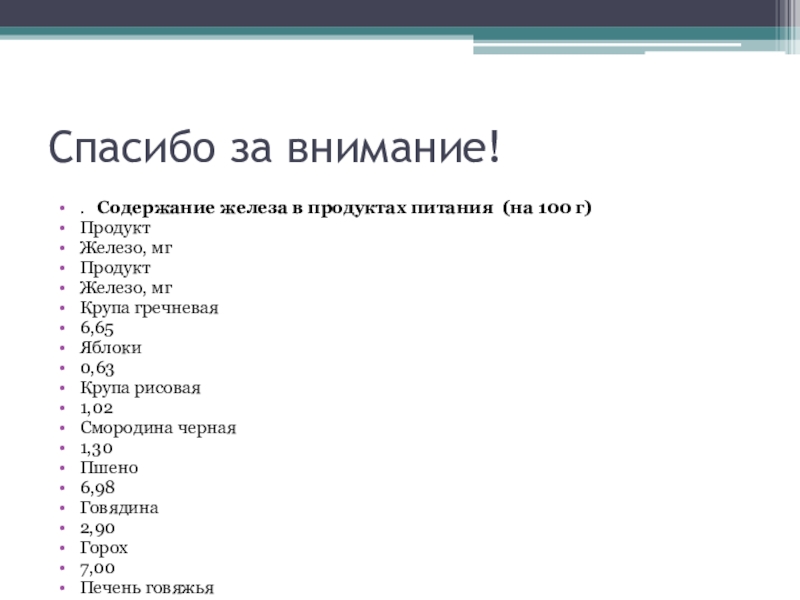 . Содержание железа в продуктах питания (на 100
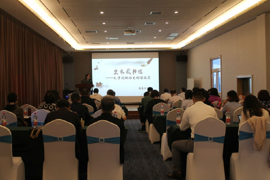 本次會(huì)議特別邀請(qǐng)承德避暑山莊博物館館長(zhǎng)蔣秀丹作了題為“皇家藏書樓——文津閣的歷史價(jià)值探索”的報(bào)告,報(bào)告中主要介紹了四庫(kù)全書七所藏書樓之一的文津閣的歷史情況和藏書保存情況以及文津閣藏書的歷史價(jià)值。
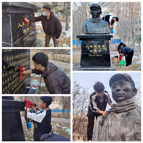 经历了一个冬天的冰雪洗礼,辛安亭先生的铜像蒙上了一层厚厚的灰尘。校学生会工作人员返校报到后第一时间来到安亭铜像前,攀上爬下清扫擦拭,让铜像面貌焕然一新。潘福浩同学说:“雁苑是我们的家园,辛安亭先生是雁苑精神的代表,清扫辛安亭先生铜像是我早就想好返校后要干的第一件事”。
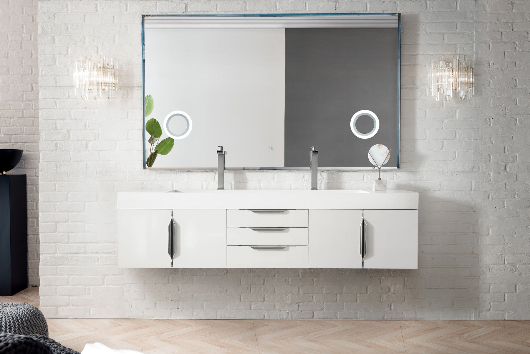 The Columbia 72" Glossy White Double Vanity offers maximum storage with four soft-closing doors and three soft-closing drawers. This cabinet includes premium features such as one solid bamboo drawer organizer and one 120 Volt UL Rated electrical component with two electrical and two USB outlets. Cabinet includes Brushed Nickel door and drawer pulls. Glossy White Composite Stone countertop with integrated wide, angled trough-style sink. This wall-mounted vanity includes heavy duty mounting brackets to create a modern look.

What is being asked
The complete listing must be transcribed verbatim, and all pictures are to be omitted.

Written response
 . Содержание железа в продуктах питания (на 100
 本次會(huì)議特別邀請(qǐng)承德避暑山莊博物館館長(zhǎng)蔣秀丹作了題為“皇家藏書樓——文津閣的歷史價(jià)值探索”的報(bào)告,報(bào)告中主要介紹了四庫(kù)全書七所藏書樓之一的文津閣的歷史情況和藏書保存情況以及文津閣藏書的歷史價(jià)值。
 经历了一个冬天的冰雪洗礼,辛安亭先生的铜像蒙上了一层厚厚的灰尘。校学生会工作人员返校报到后第一时间来到安亭铜像前,攀上爬下清扫擦拭,让铜像面貌焕然一新。潘福浩同学说:“雁苑是我们的家园,辛安亭先生是雁苑精神的代表,清扫辛安亭先生铜像是我早就想好返校后要干的第一件事”。
 The Columbia 72" Glossy White Double Vanity offers maximum storage with four soft-closing doors and three soft-closing drawers. This cabinet includes premium features such as one solid bamboo drawer organizer and one 120 Volt UL Rated electrical component with two electrical and two USB outlets. Cabinet includes Brushed Nickel door and drawer pulls. Glossy White Composite Stone countertop with integrated wide, angled trough-style sink. This wall-mounted vanity includes heavy duty mounting brackets to create a modern look.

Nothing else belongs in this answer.